● **EXERCISE GOAL**: Please keep the pictures out and write out exactly the lines from the first in the data below through the one containing "Перечислите и расскажите", both included.
--- DATA PROVIDED ---
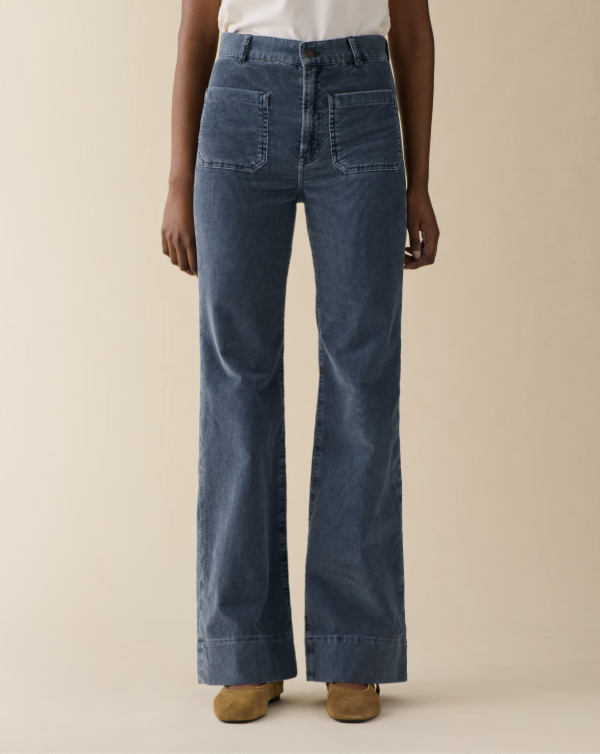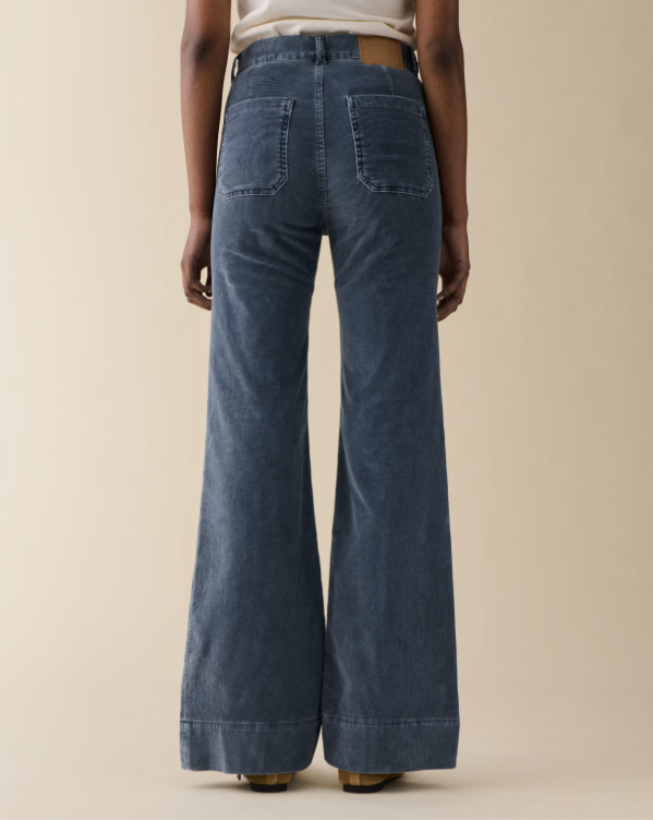 BESKRIVELSE: Dine nye favorittbukse med det lille ekstra! St Monica fra Jeanerica er inspirert av seilerstilen med lommer foran og bak, sleng og bred kantlinje. Buksen har knapp- og glidelåslukking med høyt liv og lang, flatterende beinlengde. Laget myk cord fløyel. En utrolig behagelig og fresh bukse!
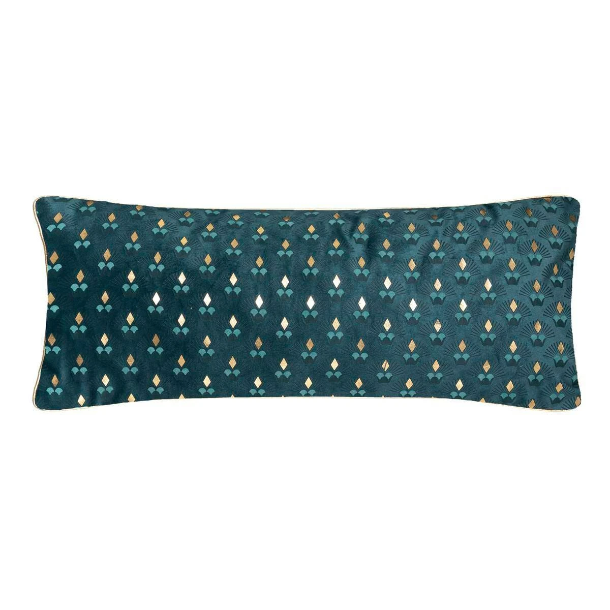 Das längsverlaufende Dekokissen in Meerfarbe von Atmosphera ist aus hochwertigem Polyester gefertigt, welches extrem strapazierfähig ist. Die Abmessungen des Kissens betragen 35 x 75 Zentimeter, wodurch dieses Element eine großartige Dekoration für ein Sofa oder einen Sessel ist. Die Meeresfarbe und schimmernde Elemente verdienen besondere Aufmerksamkeit.
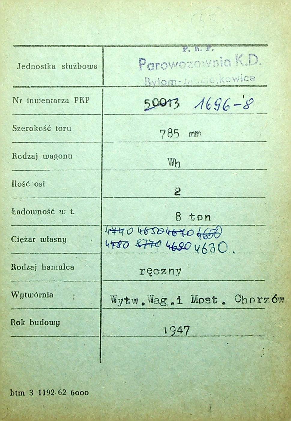 Karta wagonu Górnośląskich Kolei Wąskotorowych |
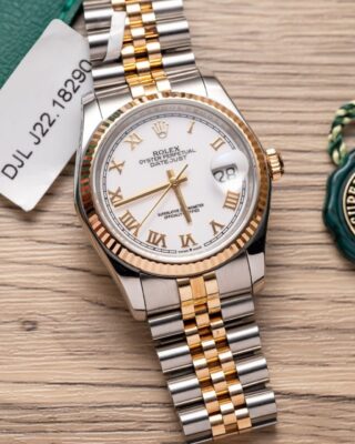 The Superclone Rolex Datejust White Roman Dial 126231-0015 36 mm captures everything people love about the Datejust collection. It combines a white roman dial with a stainless steel & everose gold plated case (36mm) and an automatic movement — all at a fraction of the retail price.
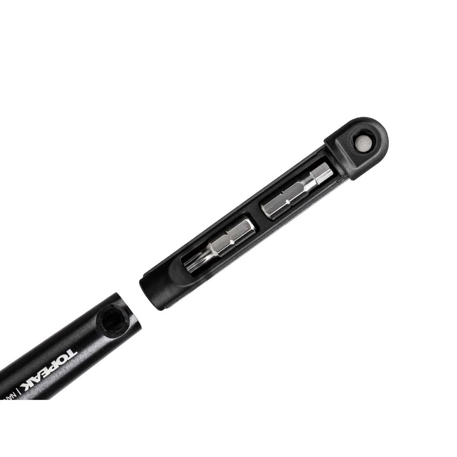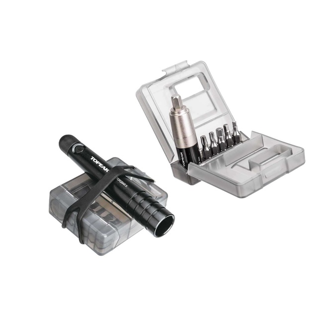 Miniaturní momentový momentový klíč s 2-6Nm nástavcem a sadou základních bitů zamezující poškození, vzniklému přetažením, například drahých karbonových částí. Dva bity mohou být umístěny přímo v těle klíče.
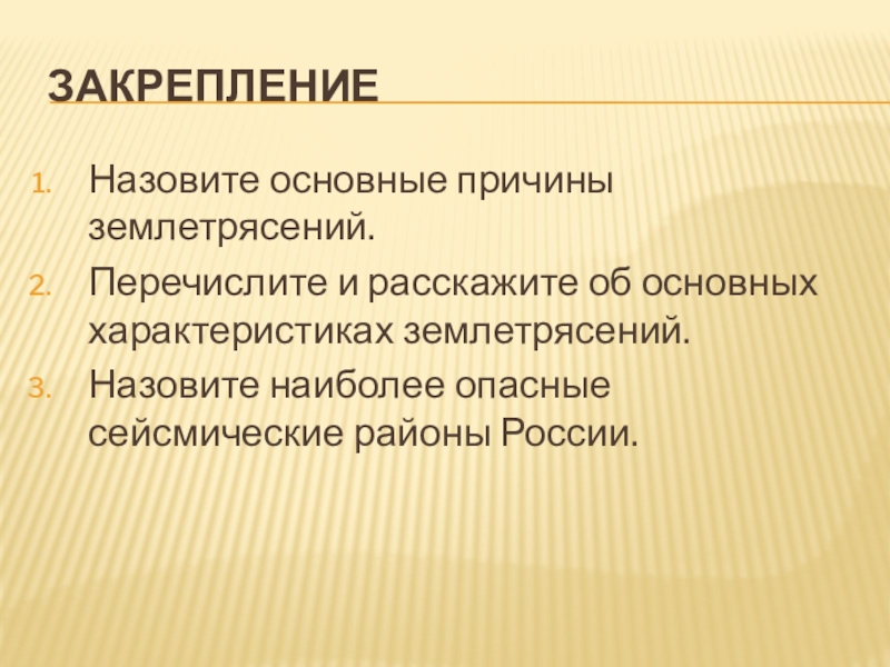 Перечислите и расскажите об основных характеристиках землетрясений.
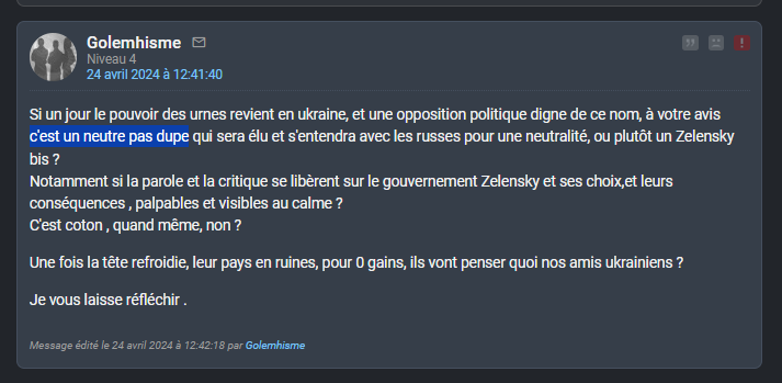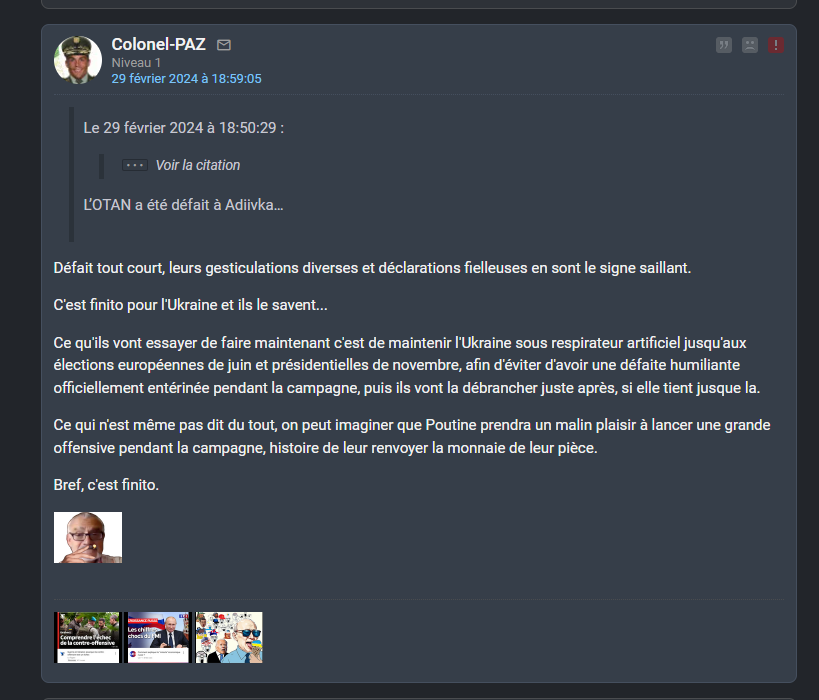 Par ailleurs mes "prédictions", ne sont rien d'autre que la défaite de l'Ukraine/OTAN, la chute de l'empire hégémonique américain, l'essor des BRICS, l'échec de la contre-offensive de 2023, la prise de Bakhmout puis d'Avdiivka.
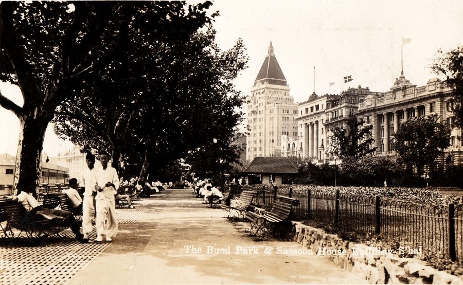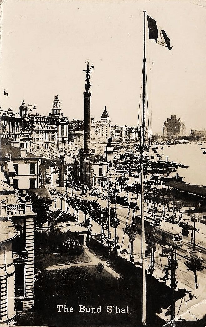 作为专业摄影师,那就必须攀登上外滩天文台,从高处将欧战胜利纪念碑突出在前景,背后是外滩一线壮观的建筑群,下图拍摄时间很容易知道,1936年至1937年,那时候中国银行总行大厦正在建造。1937年8月13日第二次淞沪战争打响,租界成为重要避难地,直到1941年12月太平洋战争爆发,“孤岛”不再。
---
● **EXERCISE RESPONSE**:
 BESKRIVELSE: Dine nye favorittbukse med det lille ekstra! St Monica fra Jeanerica er inspirert av seilerstilen med lommer foran og bak, sleng og bred kantlinje. Buksen har knapp- og glidelåslukking med høyt liv og lang, flatterende beinlengde. Laget myk cord fløyel. En utrolig behagelig og fresh bukse!
 Das längsverlaufende Dekokissen in Meerfarbe von Atmosphera ist aus hochwertigem Polyester gefertigt, welches extrem strapazierfähig ist. Die Abmessungen des Kissens betragen 35 x 75 Zentimeter, wodurch dieses Element eine großartige Dekoration für ein Sofa oder einen Sessel ist. Die Meeresfarbe und schimmernde Elemente verdienen besondere Aufmerksamkeit.
 Karta wagonu Górnośląskich Kolei Wąskotorowych |
 The Superclone Rolex Datejust White Roman Dial 126231-0015 36 mm captures everything people love about the Datejust collection. It combines a white roman dial with a stainless steel & everose gold plated case (36mm) and an automatic movement — all at a fraction of the retail price.
 Miniaturní momentový momentový klíč s 2-6Nm nástavcem a sadou základních bitů zamezující poškození, vzniklému přetažením, například drahých karbonových částí. Dva bity mohou být umístěny přímo v těle klíče.
 Перечислите и расскажите об основных характеристиках землетрясений.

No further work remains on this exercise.